Все чаще встречались вырванные из тетрадей листки, исписанные разными почерками и приклеенные к телеграфным столбам, к дощечкам немецких дорожных знаков. Они призывали не подчиняться приказам, не выходить в поле, бойкотировать фашистские ссыпные пункты.

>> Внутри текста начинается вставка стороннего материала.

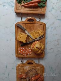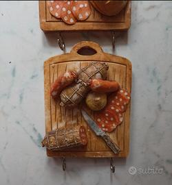 Hanno il gancio per attaccare utensili da cucina, fanno arredo perché ciascuno ha disegnato salumi, verdura e formaggi, unici nel loro genere fatti in ceramica a mano
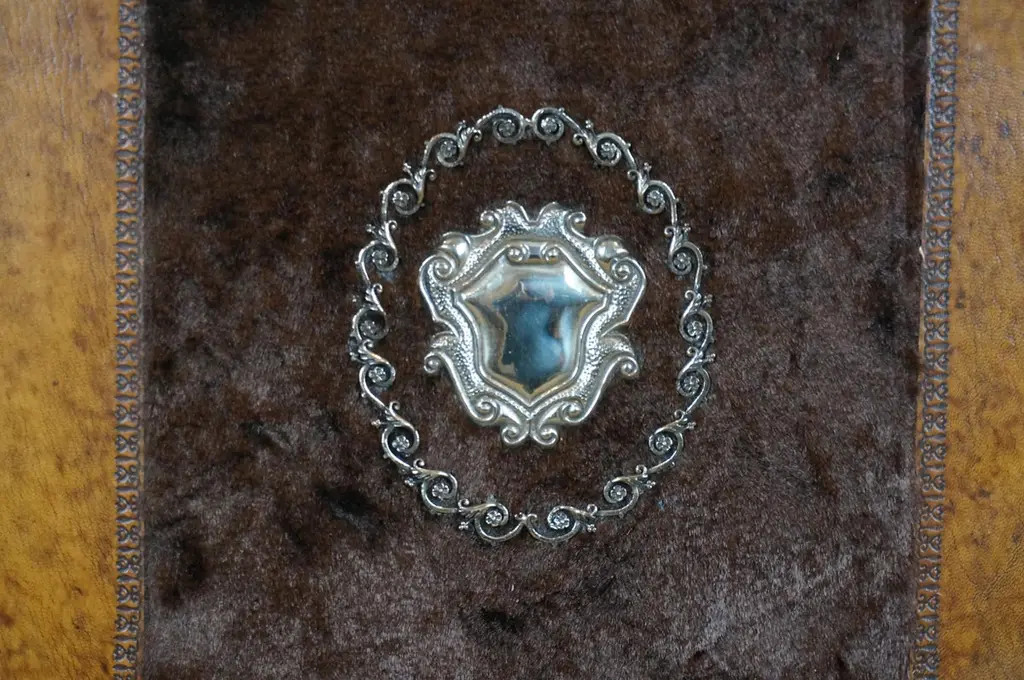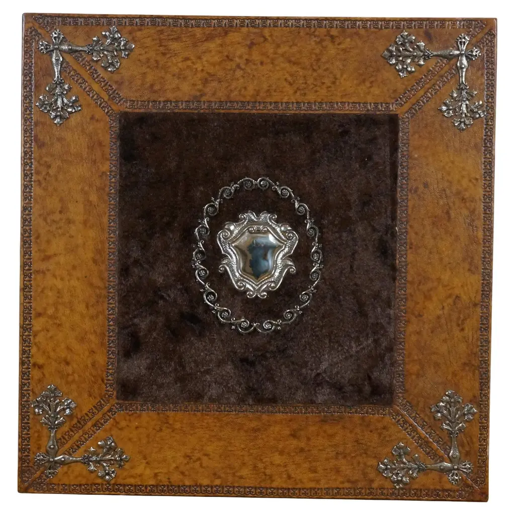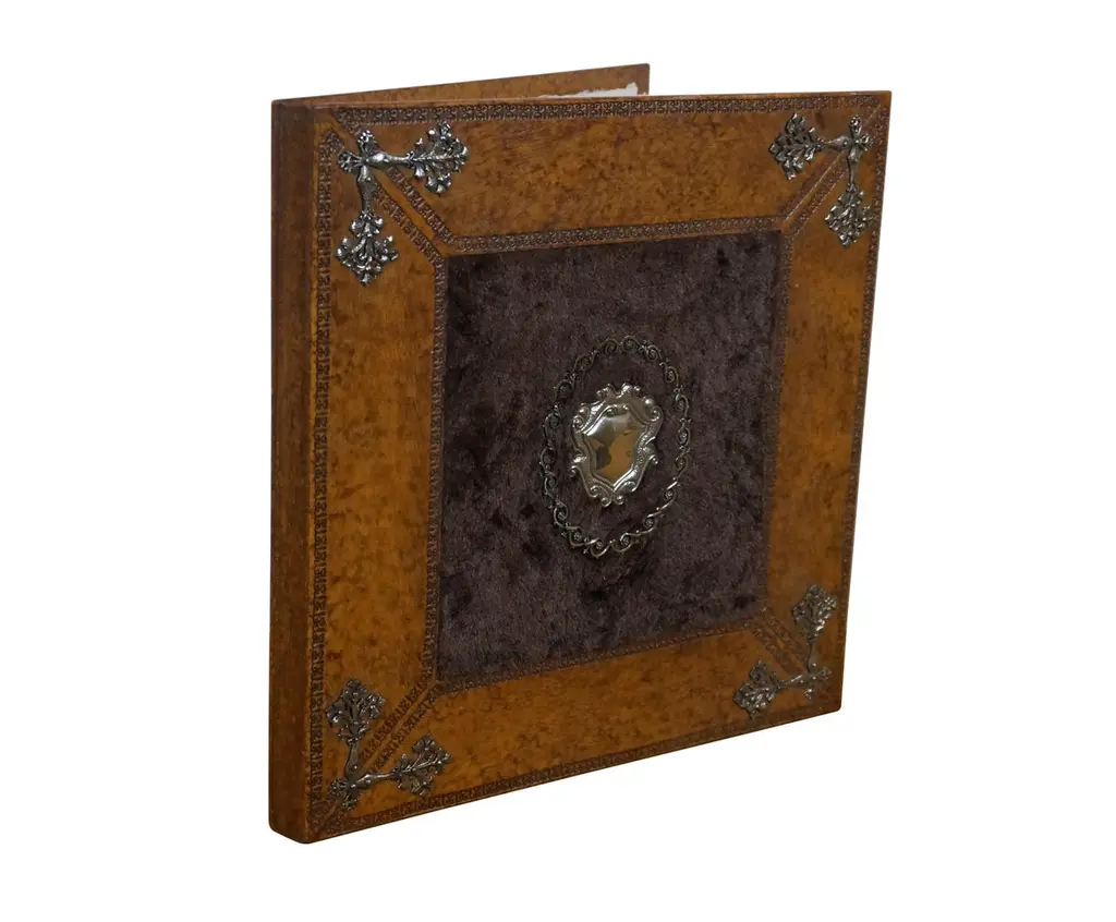 Late 20th century Maitland Smith Italian Baroque style style photo album / scrap book. Bound in mottled tooled leather with panel of faux fur at the center, and accented with a shield and floral silver plate appliques. Raw edged blank pages. 50 Pages interior.Dimensions:14.75" x 1.25" x 15" (Width x Depth x Height)

И все они оканчивались одной фразой: «Смерть гитлеровским захватчикам!», звучавшей как заключительный аккорд сурового военного гимна.
Эти скромные, наспех исписанные тетрадные листки, так же как гуденье ночных бомбардировщиков, летавших на бомбежку далеких вражеских тылов, подбадривали путниц в тяжелую минуту.
— Вы знаете, Матрена Никитична, когда я вижу вот эти листовки, мне хочется совершить что-нибудь особенное, героическое! Я не знаю что: взорвать их поезд, убить какого-нибудь самого большого фашистского мерзавца, сжечь их склад, — все равно, но только что-нибудь такое, чтобы узнали там, дома, — мечтала Муся. — Пусть умру, пусть, но пусть потом все говорят: «Вот так Муська Волкова, а? Слыхали? Ведь простая девчонка была, училась с нами, обожала танцульки, песни пела… и вот… кто бы мог подумать!»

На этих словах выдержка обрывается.